→ **REQUIREMENT**: Starting at the line that contains "Four dogs of" and stopping at the line that contains "Style your hallway, living", transcribe every line of the material below exactly; pictures stay out.

→ **RECORDS TO PROCESS**:
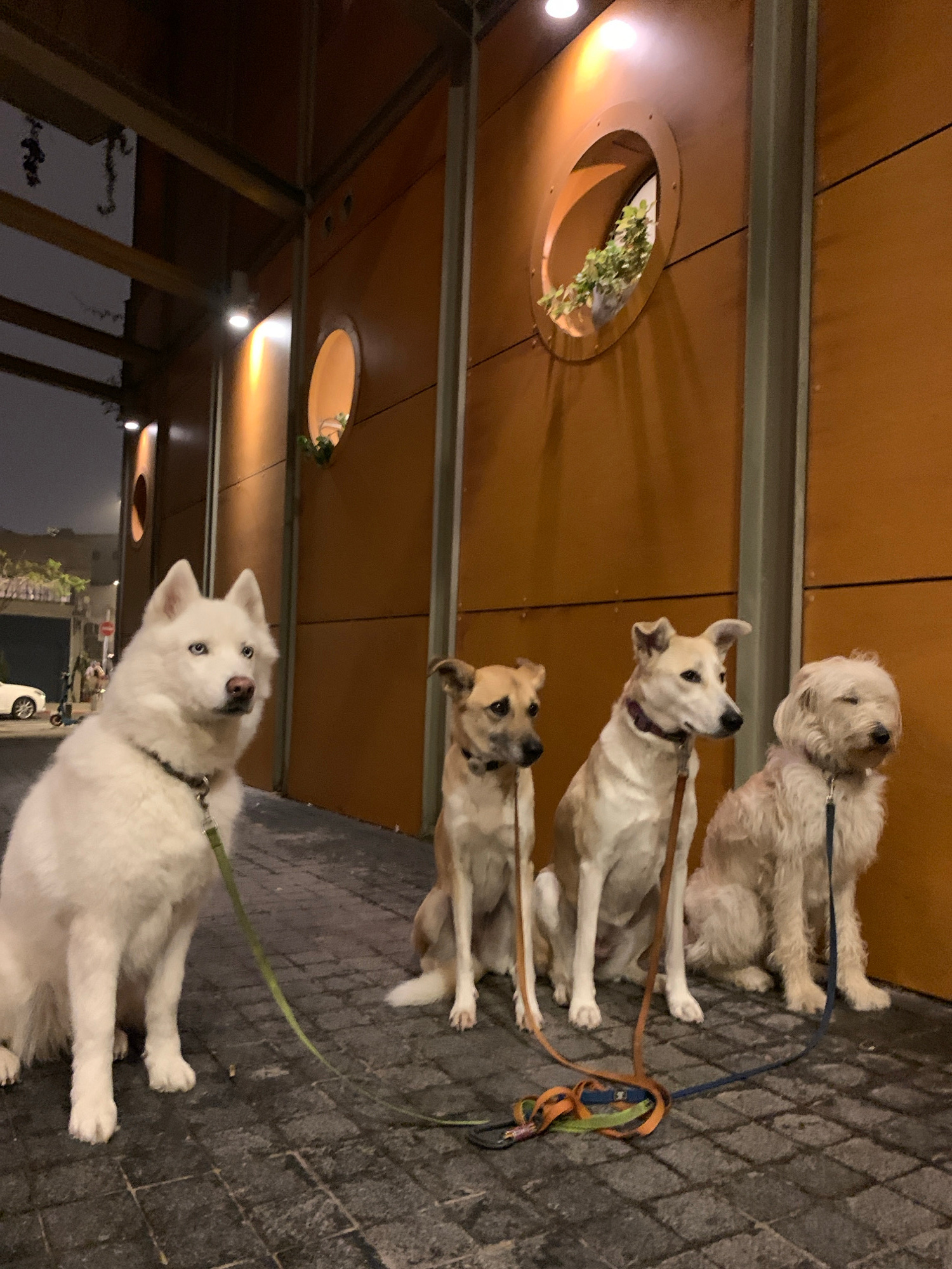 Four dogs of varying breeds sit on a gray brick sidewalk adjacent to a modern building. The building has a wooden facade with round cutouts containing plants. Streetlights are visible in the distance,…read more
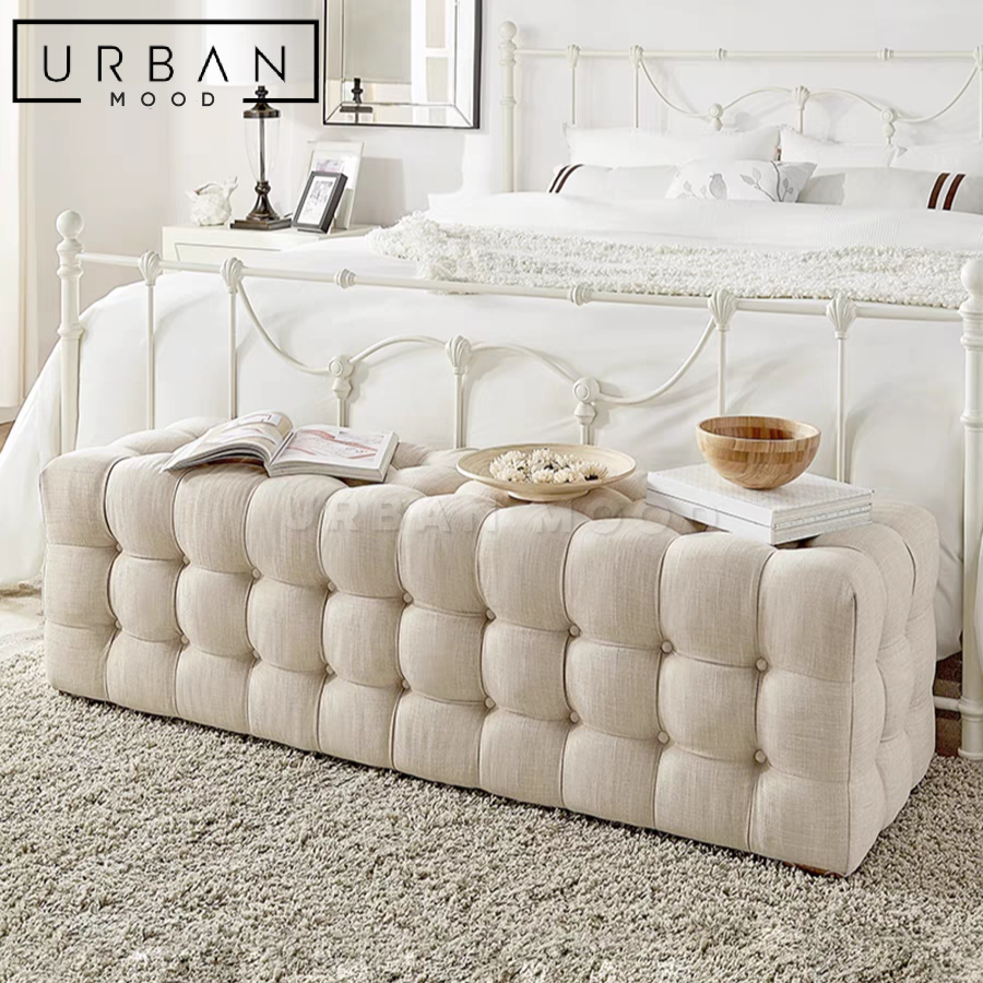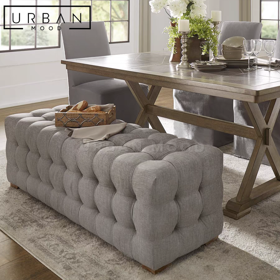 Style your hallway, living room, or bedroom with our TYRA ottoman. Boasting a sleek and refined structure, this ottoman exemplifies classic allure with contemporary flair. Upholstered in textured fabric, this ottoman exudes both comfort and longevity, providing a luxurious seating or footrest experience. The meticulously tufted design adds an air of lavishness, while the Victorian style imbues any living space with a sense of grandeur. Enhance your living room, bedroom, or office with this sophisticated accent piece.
--
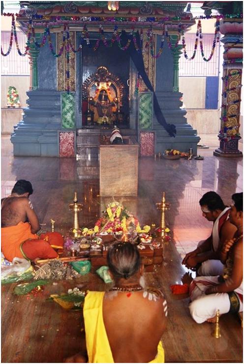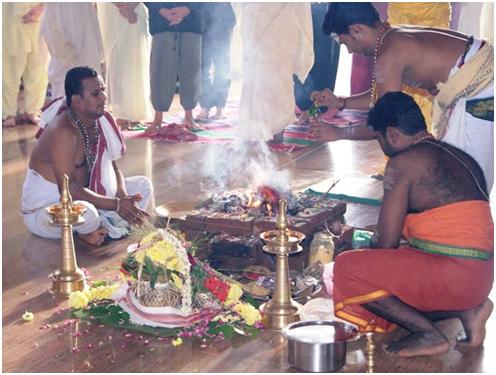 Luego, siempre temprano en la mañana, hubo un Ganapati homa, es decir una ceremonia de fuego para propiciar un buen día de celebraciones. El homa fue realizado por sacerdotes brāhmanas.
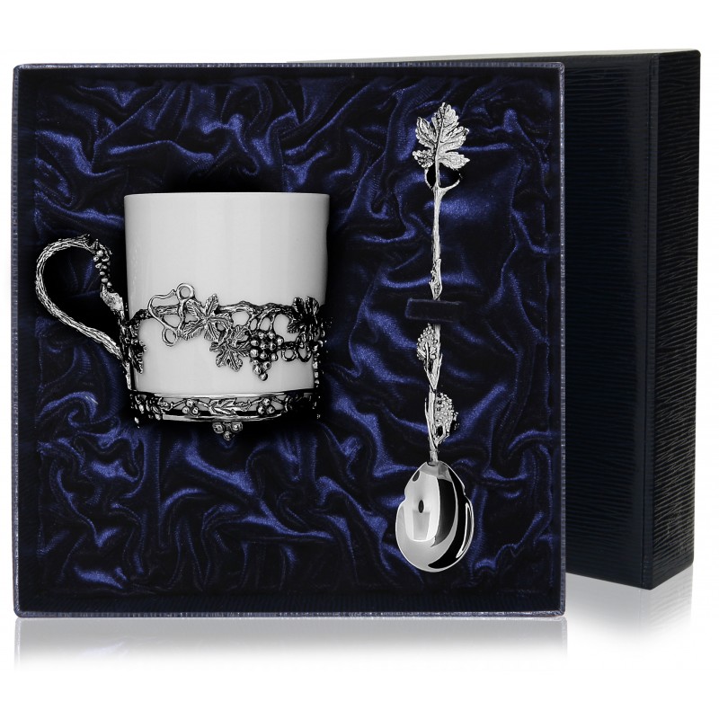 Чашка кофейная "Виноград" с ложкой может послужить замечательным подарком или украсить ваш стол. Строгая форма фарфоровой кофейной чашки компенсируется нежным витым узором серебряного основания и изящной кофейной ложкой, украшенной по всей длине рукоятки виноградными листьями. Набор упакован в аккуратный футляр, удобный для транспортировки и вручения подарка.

→ **EXERCISE RESPONSE**:
 Four dogs of varying breeds sit on a gray brick sidewalk adjacent to a modern building. The building has a wooden facade with round cutouts containing plants. Streetlights are visible in the distance,…read more
 Style your hallway, living room, or bedroom with our TYRA ottoman. Boasting a sleek and refined structure, this ottoman exemplifies classic allure with contemporary flair. Upholstered in textured fabric, this ottoman exudes both comfort and longevity, providing a luxurious seating or footrest experience. The meticulously tufted design adds an air of lavishness, while the Victorian style imbues any living space with a sense of grandeur. Enhance your living room, bedroom, or office with this sophisticated accent piece.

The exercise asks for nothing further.